Somewhere below is a line with "This collectible $3" and, later, a line with "- Градиент на"; repeat those two lines and all the lines between them, exactly as they are.
(Provided records Opens)
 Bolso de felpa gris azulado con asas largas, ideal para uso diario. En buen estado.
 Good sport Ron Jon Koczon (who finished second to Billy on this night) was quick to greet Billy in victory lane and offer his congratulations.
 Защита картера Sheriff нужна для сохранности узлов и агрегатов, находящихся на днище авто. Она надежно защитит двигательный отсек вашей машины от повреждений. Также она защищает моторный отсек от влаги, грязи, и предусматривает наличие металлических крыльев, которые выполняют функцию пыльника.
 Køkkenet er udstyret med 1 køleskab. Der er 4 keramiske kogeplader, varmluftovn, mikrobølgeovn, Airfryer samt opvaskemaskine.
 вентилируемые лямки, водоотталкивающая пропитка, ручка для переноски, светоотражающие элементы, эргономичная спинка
(Provided records Closes)
(Provided records Opens)
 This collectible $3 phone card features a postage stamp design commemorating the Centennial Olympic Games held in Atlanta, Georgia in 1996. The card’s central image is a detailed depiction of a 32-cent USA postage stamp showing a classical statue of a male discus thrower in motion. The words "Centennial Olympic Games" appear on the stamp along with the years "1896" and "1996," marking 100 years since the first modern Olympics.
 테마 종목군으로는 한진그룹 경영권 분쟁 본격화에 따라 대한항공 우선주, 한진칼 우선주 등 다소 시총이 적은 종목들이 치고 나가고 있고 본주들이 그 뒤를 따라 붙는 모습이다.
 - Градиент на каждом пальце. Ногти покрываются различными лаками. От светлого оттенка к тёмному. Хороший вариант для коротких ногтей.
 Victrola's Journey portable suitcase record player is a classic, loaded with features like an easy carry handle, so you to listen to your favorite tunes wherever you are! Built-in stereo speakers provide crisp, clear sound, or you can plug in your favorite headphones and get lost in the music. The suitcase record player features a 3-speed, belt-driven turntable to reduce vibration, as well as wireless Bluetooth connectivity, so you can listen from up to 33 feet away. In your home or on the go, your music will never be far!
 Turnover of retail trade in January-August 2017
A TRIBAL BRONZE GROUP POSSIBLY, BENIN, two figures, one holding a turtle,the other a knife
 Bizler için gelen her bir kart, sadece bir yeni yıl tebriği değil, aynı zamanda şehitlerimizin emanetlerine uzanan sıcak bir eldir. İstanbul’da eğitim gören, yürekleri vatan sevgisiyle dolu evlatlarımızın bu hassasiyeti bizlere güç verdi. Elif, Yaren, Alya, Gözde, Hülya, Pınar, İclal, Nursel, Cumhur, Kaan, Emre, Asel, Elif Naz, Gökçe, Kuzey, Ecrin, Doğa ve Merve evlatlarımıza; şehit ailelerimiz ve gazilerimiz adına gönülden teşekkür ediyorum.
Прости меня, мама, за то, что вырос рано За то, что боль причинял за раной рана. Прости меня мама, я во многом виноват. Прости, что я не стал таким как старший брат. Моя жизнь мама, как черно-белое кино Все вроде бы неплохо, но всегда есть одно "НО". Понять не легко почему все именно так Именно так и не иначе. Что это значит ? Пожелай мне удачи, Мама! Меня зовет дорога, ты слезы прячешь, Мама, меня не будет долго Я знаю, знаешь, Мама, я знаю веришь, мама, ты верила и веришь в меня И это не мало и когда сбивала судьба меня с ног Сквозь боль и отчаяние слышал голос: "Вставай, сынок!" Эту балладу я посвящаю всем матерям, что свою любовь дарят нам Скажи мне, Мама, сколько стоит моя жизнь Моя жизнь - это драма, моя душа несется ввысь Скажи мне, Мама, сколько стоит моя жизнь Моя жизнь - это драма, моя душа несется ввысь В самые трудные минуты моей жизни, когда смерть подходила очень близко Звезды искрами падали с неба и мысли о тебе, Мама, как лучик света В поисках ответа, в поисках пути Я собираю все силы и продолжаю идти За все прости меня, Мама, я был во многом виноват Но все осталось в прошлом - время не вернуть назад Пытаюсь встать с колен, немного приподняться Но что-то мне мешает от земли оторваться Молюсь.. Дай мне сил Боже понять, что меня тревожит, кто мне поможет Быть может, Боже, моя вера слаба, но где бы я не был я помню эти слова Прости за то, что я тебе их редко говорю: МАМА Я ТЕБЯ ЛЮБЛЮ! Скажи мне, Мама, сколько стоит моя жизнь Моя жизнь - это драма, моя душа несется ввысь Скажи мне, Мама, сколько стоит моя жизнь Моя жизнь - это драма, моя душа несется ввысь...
(Provided records Closes)
(Provided records Opens)
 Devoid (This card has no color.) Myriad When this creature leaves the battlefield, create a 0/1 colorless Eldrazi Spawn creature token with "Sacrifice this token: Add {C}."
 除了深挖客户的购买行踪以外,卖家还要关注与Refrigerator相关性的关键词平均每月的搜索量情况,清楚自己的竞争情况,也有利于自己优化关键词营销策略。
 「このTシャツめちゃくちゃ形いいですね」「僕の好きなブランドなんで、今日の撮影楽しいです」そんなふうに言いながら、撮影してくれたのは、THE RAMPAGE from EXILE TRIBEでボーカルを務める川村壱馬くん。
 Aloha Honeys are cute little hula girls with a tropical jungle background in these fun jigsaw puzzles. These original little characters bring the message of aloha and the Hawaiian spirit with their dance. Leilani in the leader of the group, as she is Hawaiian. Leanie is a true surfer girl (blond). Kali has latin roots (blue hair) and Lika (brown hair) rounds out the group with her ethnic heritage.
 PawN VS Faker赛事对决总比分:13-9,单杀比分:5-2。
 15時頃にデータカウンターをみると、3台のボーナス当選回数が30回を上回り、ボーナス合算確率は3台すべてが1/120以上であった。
(Provided records Closes)
Task result =>
 This collectible $3 phone card features a postage stamp design commemorating the Centennial Olympic Games held in Atlanta, Georgia in 1996. The card’s central image is a detailed depiction of a 32-cent USA postage stamp showing a classical statue of a male discus thrower in motion. The words "Centennial Olympic Games" appear on the stamp along with the years "1896" and "1996," marking 100 years since the first modern Olympics.
 테마 종목군으로는 한진그룹 경영권 분쟁 본격화에 따라 대한항공 우선주, 한진칼 우선주 등 다소 시총이 적은 종목들이 치고 나가고 있고 본주들이 그 뒤를 따라 붙는 모습이다.
 - Градиент на каждом пальце. Ногти покрываются различными лаками. От светлого оттенка к тёмному. Хороший вариант для коротких ногтей.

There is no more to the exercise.